If I had things my way, every cake and every cupcake would be be buried beneath a mountain of cream cheese frosting.
Not buttercream — Never rarely buttercream — always and only cream cheese. For someone with such a rampant sweet tooth, it’s alarming the number of times I’ve turned down a slice of cake or a sky-high frosted cupcake because the buttercream just makes my teeth hurt (OK full disclosure I have a buttercream recipe coming up on the blog next month, and it’s delicious, but cream cheese frosting will always win over my heart, even over my favorite chocolate frosting).
While buttercream frostings are usually too sweet, cream cheese frosting I could eat with a spoon, and this recipe is every bit as versatile as buttercream — it’s sturdy, pipe-able, can be dyed, and, most importantly, it’s delicious.

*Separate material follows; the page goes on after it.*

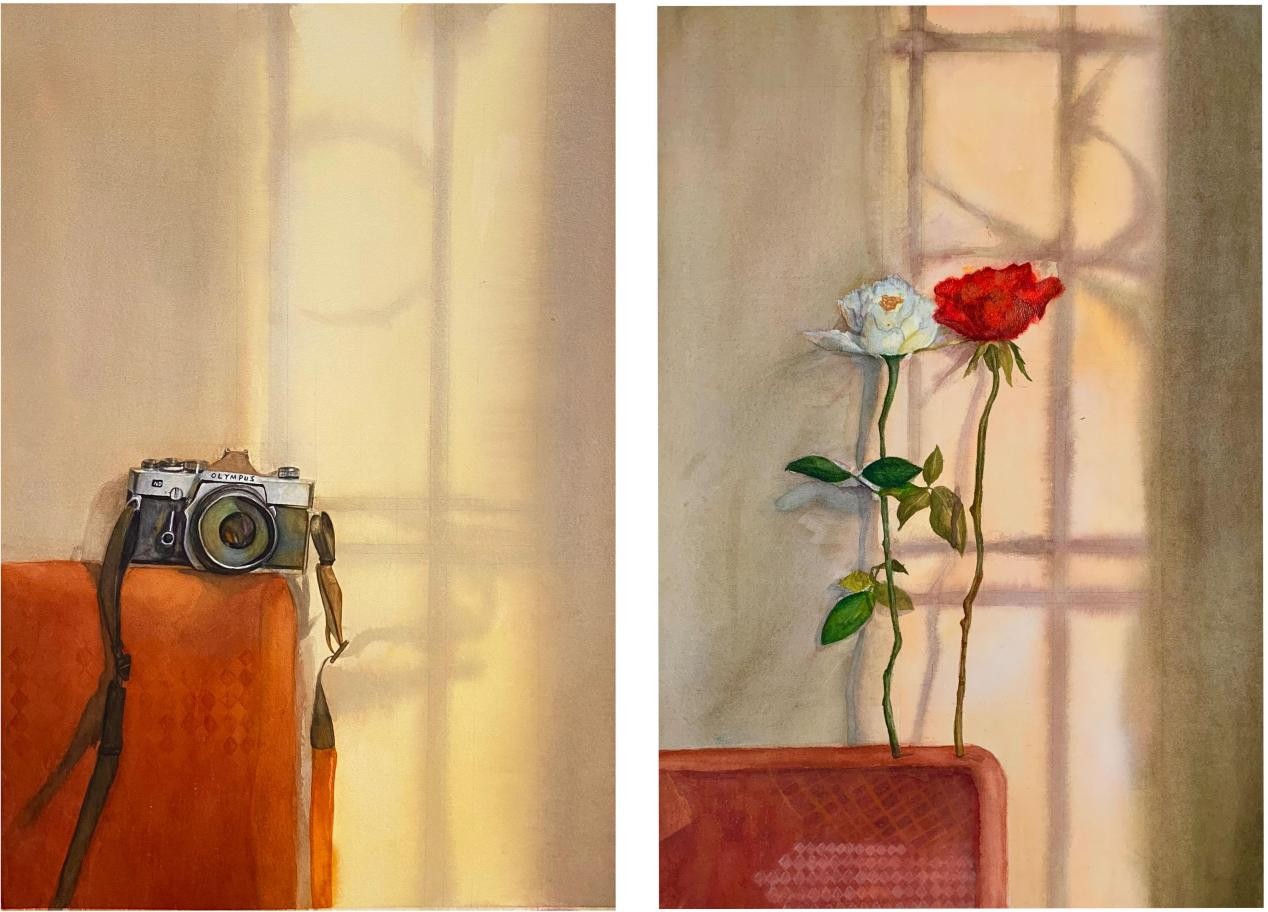 绘画 1906 班 韦琅娜《玫瑰》52×74cm 水彩 指导教师:段凝

Tips for Making Cream Cheese Icing:
- Make sure that you are using full-fat brick cream cheese, not low fat or spreadable cream cheese (which is usually sold in a tub rather than in brick form).
- I always like to use unsalted butter and add a dash of salt so that I have complete control over the flavor of the frosting. However, if you only have salted butter on hand then just omit the salt called for in the recipe.
- Make sure you allow your cream cheese and your butter to soften before making your frosting! Softening the butter and cream cheese ensure that your ingredients will combine well and be lump free.
- If you intend to pipe your frosting, I recommend sifting your powdered sugar before mixing it into your butter/cream cheese mixture, as small lumps of sugar can clog up your piping tips, especially if you’re using a smaller tip.

Can cream cheese frosting be used for piping?
- Yes! Especially with this recipe because it is nice and thick. Now, this frosting (as with most) is prone to melting in hot weather, but it pipes nicely and as you can see in the photos it holds its shape neatly as well.
How do I make my cream cheese frosting thicker?
- What I love about this recipe is that it already makes a nice thick frosting, but if needed you can add more powdered sugar to make your cream cheese frosting even thicker. I recommend adding about 2 Tablespoons at a time until the desired thickness is reached. Alternatively you can add cornstarch… see more on that below.
Can I add cornstarch to my cream cheese frosting?
- Yup! While this recipe does not call for it, if you need a particularly stiff frosting or are looking to make your frosting thicker without making it sweeter, you can add cornstarch (in fact, I use this technique for my carrot cake cookies). I don’t recommend adding more than a few Tablespoons, so start with just one Tablespoon at a time until desired thickness is reached.


Alright, while (in my humble opinion) cream cheese frosting goes great with everything, there are certain cakes and cupcakes that complement it particularly well. Wednesday I’ll be sharing one of my favorite cupcakes with you — the exact cupcakes seen in the photos above.
Can you guess what flavor they are???
How to Make Cream Cheese Frosting

Cream Cheese Frosting
Ingredients
- ½ cup (1 stick) unsalted butter, softened (113g)
- 8 oz cream cheese, softened (brick-style, not spreadable) (226g)
- 1 teaspoon vanilla extract
- ¼ teaspoon salt
- 4 cups powdered sugar*, (500g)
Instructions
- Combine butter and cream cheese in the bowl of a stand mixer (or you may use an electric mixer) and beat until creamy, well-combined, and lump-free.
- Add vanilla extract and salt and stir well to combine.
- With mixer on low, gradually add powdered sugar until completely combined.
- Use to frost completely cooled cake or cupcakes.
Notes
Nutrition
Nutrition information is automatically calculated, so should only be used as an approximation.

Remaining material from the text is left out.